Neuroendocrine neoplasm (NEN) generally refers to all tumors that originate from peptidergic neurons and neuroendocrine cells. It is a relatively rare tumor, ranging from indolent, slow-growing low-grade malignant tumors to obvious distant metastases. A series of malignant tumors. The most common place for neuroendocrine tumors is in the digestive system, and about two-thirds of neuroendocrine tumors occur in the gastrointestinal pancreas. However, with the change of people's living habits and the improvement of physical examination awareness, the incidence of neuroendocrine tumors increased from 1.09/100,000 in 1973 to 6.98/100,000 in 2012. The incidence has increased by 6 times compared with other tumors. , NENs increase more rapidly. The incidence of people over 65 years of age has increased by 8 times, and the incidence of people younger than 50 years of age has also increased by 3 times, and the incidence has been increasing year by year. It is worth noting that the average age of pancreatic neuroendocrine tumors is only 56.7-13.3 years old, showing a younger trend.

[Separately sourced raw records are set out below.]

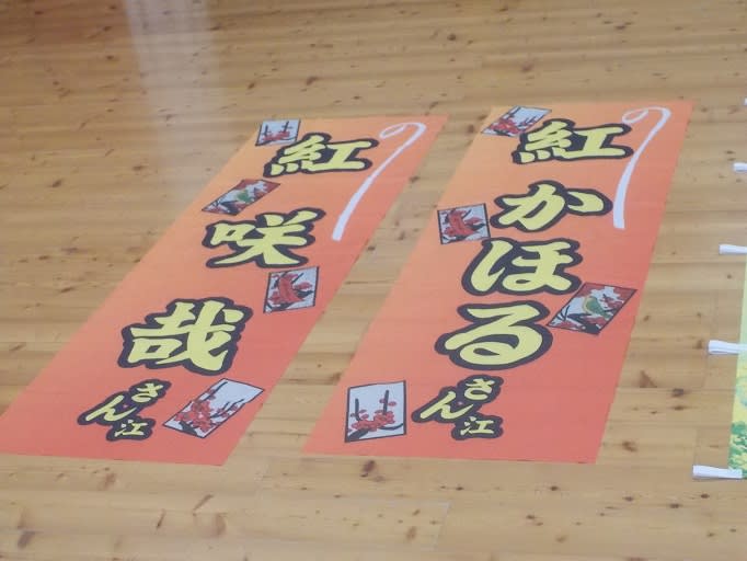大衆演劇って言ったら、幟旗だよ。小屋の前に立ち並ぶ幟の数々、盛り上がるねぇ、お祭り気分。芝居見物は晴れの日、祝祭だから、にぎにぎしくお客さんを迎えようってことだ。屋根にも届く大きな幟が何本もはためいて、っと行きたいところだが、貧乏劇団の菜の花座、それもたった1度の公演に大枚はたけるわけがないだろ。幟でさえ制作はいい顔しなかったくらいだ。でも、なんとかそれらしい飾りつけはしたいよね、ってことで、作った!幟旗!!
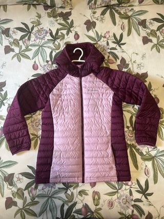 Abrigo acolchado de la marca Columbia, con un diseño bicolor. -Talla XL niña. - Parte frontal y mangas en color rosa pálido. - Laterales y mangas en color burdeos. - Capucha integrada.
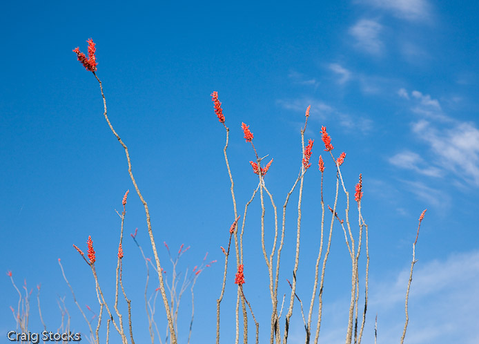 Bright red flowers on the ends of an ocotillo
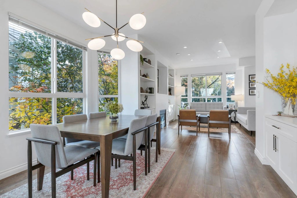 Welcome to Riverwind in Steveston where everyday life meets coastal charm. This rarely available duplex-style home offers nearly 1,900 sq ft of bright, south-facing air-con'd living framed by mature trees. The open main floor features pot lights, wide-plank flooring, and a modern white kitchen with quartz countertops, and ss appliances. Designer West Elm lighting & custom built-ins add both storage and style throughout. Upstairs you’ll find 3 spacious bedrooms, including a primary suite with a w/i closet and ensuite. Downstairs, a large den. Enjoy two decks and a private yard patio for morning coffee or evening gatherings after a stroll or run along the Dyke. Attached dbl garage with storage. Well-kept complex with clubhouse, gym, and playground. Pet friendly & easy to show. Call to view!

Because most neuroendocrine tumors lack specific manifestations, coupled with unique inert biological characteristics, clinicians often lack understanding, which can easily lead to misdiagnosis and treatment. Taking gastrointestinal pancreatic neuroendocrine tumors (GEP-NEN) as an example, due to the uneven diagnosis and treatment level, GEP-NEN patients may be diagnosed with a delay of up to 7 years. Because of this, as many as 40-95% of GEP-NEN patients have developed distant metastases at the time of diagnosis, and 65-95% of them have liver metastases. Liver metastasis is the most critical prognostic risk factor in GEP-NEN, and it has a decisive impact on the survival of patients. The 5-year survival rate of gastrointestinal neuroendocrine tumors with liver metastasis is 56%-83%, while the 5-year survival rate of pancreatic neuroendocrine tumors is only 48.8%, and the 10-year survival rate is only 30.2%. For limited-stage patients, even if radical surgical resection, up to 94% of cases will still have recurrence and metastasis within 5 years. For inoperable patients, although chemotherapy, targeted therapy, biological therapy and other methods can be used, the effect is still limited. Therefore, the systematic development of basic-clinical translational research on neuroendocrine tumors is very important and imminent.

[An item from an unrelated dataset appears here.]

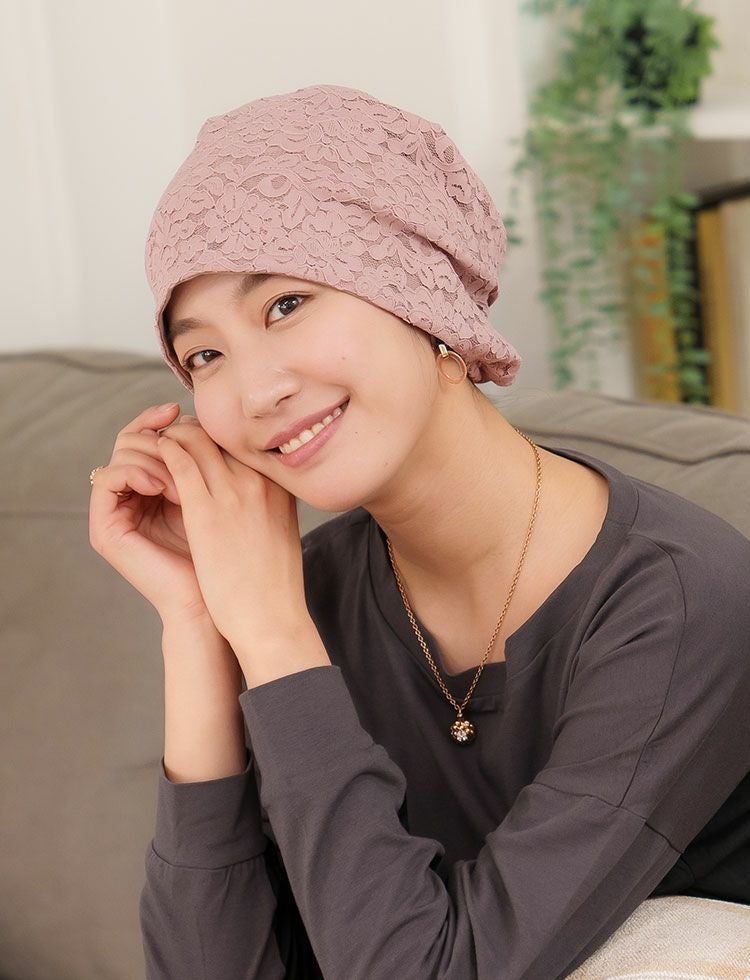 商品について 色味にもこだわった、人気のレース地ケア帽子に新作が登場!
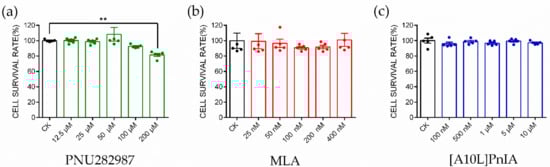 The α7 nAChR agonist PNU282987 and antagonists MLA and PnIA[A10L] used in this study were tested for the cytotoxicity in RAW264.7 macrophages (Figure 4). PNU282987 at five selected concentrations (12.5 μM, 25 μM, 50 μM, 100 μM, and 200 μM); MLA at five selected concentrations (25 nM, 50 nM, 100 nM, 200 nM, and 400 nM); PnIA[A10L] at five selected concentrations (100 nM, 500 nM, 1 μM, 5 μM, and 10 μM) were tested, and the results are shown in Figure 4a, Figure 4b, and Figure 4c, respectively. The results were analyzed with the one-way ANOVA and Dunn’s multiple comparison method. PNU282987 induced almost no toxicity when the concentration was below 100 μM. When the concentration increased to 200 μM, the cell viability decreased slightly compared with that of the control group, and the cell survival rate was approximately 85%. MLA showed almost no toxicity when the concentration was below 400 nM, and the cell survival rate was greater than 98%. Similarly, the optimal dose of PnIA[A10L] was 10 μM, within this concentration range, the cell viability is greater than 98%. Finally, the safe and reasonable concentrations of PNU282987, MLA, and PnIA[A10L] were identified in our experiment with 100 μM, 400 nM, and 10 μM, respectively.

Based on the above-mentioned problems, this project intends to conduct a systematic and in-depth study of neuroendocrine tumors: 1. Use single-cell sequencing technology to deeply study the molecular biological characteristics of NEN tumors, tumor heterogeneity and cell subtypes. 2. Construct NEN models, including primary cell lines, organoids, and mouse animal models. This study can establish a neuroendocrine tumor research system to find the molecular mechanism and potential intervention targets of NEN recurrence and metastasis, and provide clinicians with safe and effective treatment strategies, thereby improving the therapeutic effect of neuroendocrine tumors.